YONGSAN GARRISON, South Korea — The Army is trying to find ways to prevent soldiers from facing back-to-back overseas tours, but it is still possible as long as the nation is at war, said Command Sgt. Maj. Jack L. Tilley, sergeant major of the Army.
The Army currently has about 330,000 soldiers in 120 countries, Tilley said during an American Forces Network Korea radio call-in show Tuesday. The service is working to prevent soldiers going from Korea to units going to Iraq and vice versa, but “we’re at war. That’s the bottom line. That’s what we get paid to do,” he said.
“Because we are stretched out so much, there are going to be soldiers who have back-to-back tours,” said Tilley, a Vietnam veteran who has been in the Army for 35 years. “The Army personnel system is trying to look out to prevent that.”
Lt. Col. Stan Heath, an Army spokesman for personnel matters, said that Army assignment officers are making a point of ensuring that soldiers assigned to Korea are aware that a particular stateside unit is due to rotate overseas.
When a soldier assigned to Korea chooses as his follow-on unit a group that is scheduled for an Iraq or Afghanistan deployment, Human Resource Command officials “actually go back to soldiers to check [whether] they knew up front that their choice” was about to deploy, Heath said in a Tuesday telephone interview.
“We ask all these guys,” Heath said.
In some instances, “soldiers didn’t know, and they back out, but a lot of them knew and said ‘That’s okay, I’ll take [the assignment] anyway.’”
The Army is considering a system where senior soldiers could be stabilized in units for as long as seven years, as older soldiers close to retirement seek to settle in, Tilley said. But everything that was previously normal in the Army “isn’t necessarily normal right now” with the war footing, he said.

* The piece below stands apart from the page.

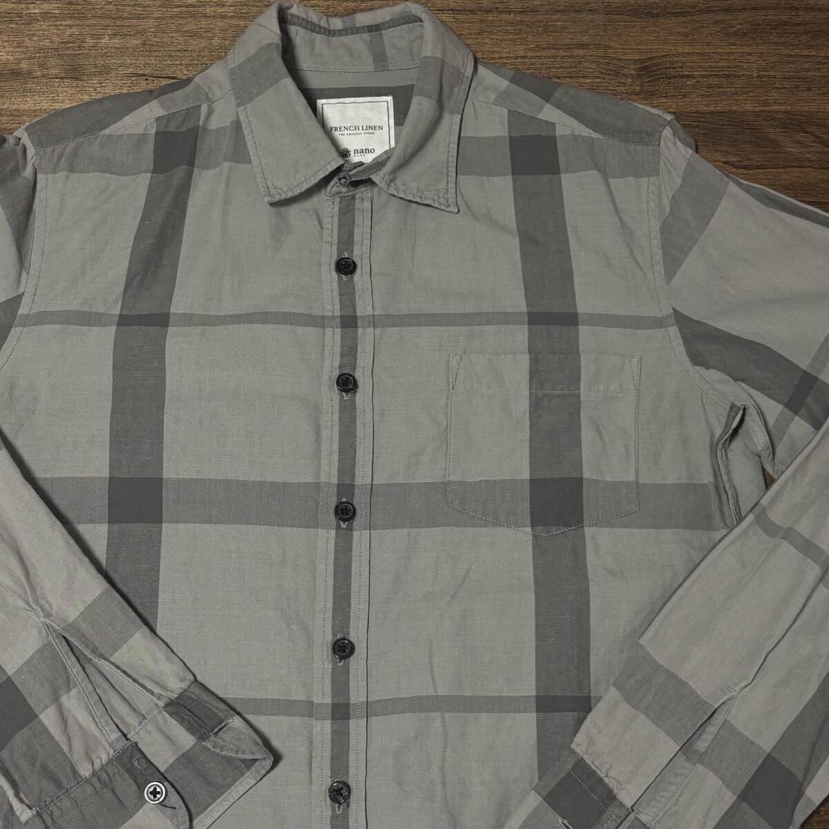 ◎ナノ・ユニバース NANO universe フレンチリネン French Linen 長袖 チェック シャツ

Deployments stress families and soldiers, but morale is high in Iraq now, Tilley said. The chain of command can help soldiers deal with those stresses, said Tilley, who retires in January. He said he will return to Iraq next year on a USO tour with entertainers.
“We are doing the right thing,” Tilley said. “If we are not fighting terrorism over in Iraq and places like that we’ll be fighting terrorists in Chicago, Atlanta and different places in the United States of America. I think morale is OK.”
Tilley, who became the top enlisted troop in the Army in June 2000, set five goals at the start of his tenure: pay, quality of life, medical care, retirement benefits and operation tempos. Progress has been made in all of those areas, Tilley said.
Tilley’s first paycheck when he entered the Army in 1966 was $63. Servicemembers will get a 4 percent pay raise next year. This year was the first that a first sergeant with 20 years in the service made more than a captain with six years.
“That’s a heck of an adjustment,” Tilley said. “But I think we have a lot further to go.”
The Army needs to improve its acquisition system and get soldiers the right equipment where they need it when they need it, Tilley said. In Iraq, the Army has experienced shortages in bulletproof vests and armored Humvees, proven life-saving equipment during guerrilla attacks.
Another improvement is making soldiers more aware of financial planning and retirement benefits, Tilley said. The Army is considering adding financial planning to the professional leadership development course, attended by specialists selected to become noncommissioned officers.
“We should do that a lot younger,” Tilley said.
Lessons learned from Afghanistan and Iraq should be incorporated sooner into soldier education programs, Tilley said. And Americans also need to value their education.
Tilley said he went to Afghanistan and observed soldiers giving medical aid to some Afghan children and adults. None of the Afghans knew their age, he said.
“You talk about education — we really as Americans are sometimes a little bit arrogant, but sometimes we don’t really understand other cultures,” Tilley said. “I think we need to take the time to understand.”
Lisa Burgess contributed to this story.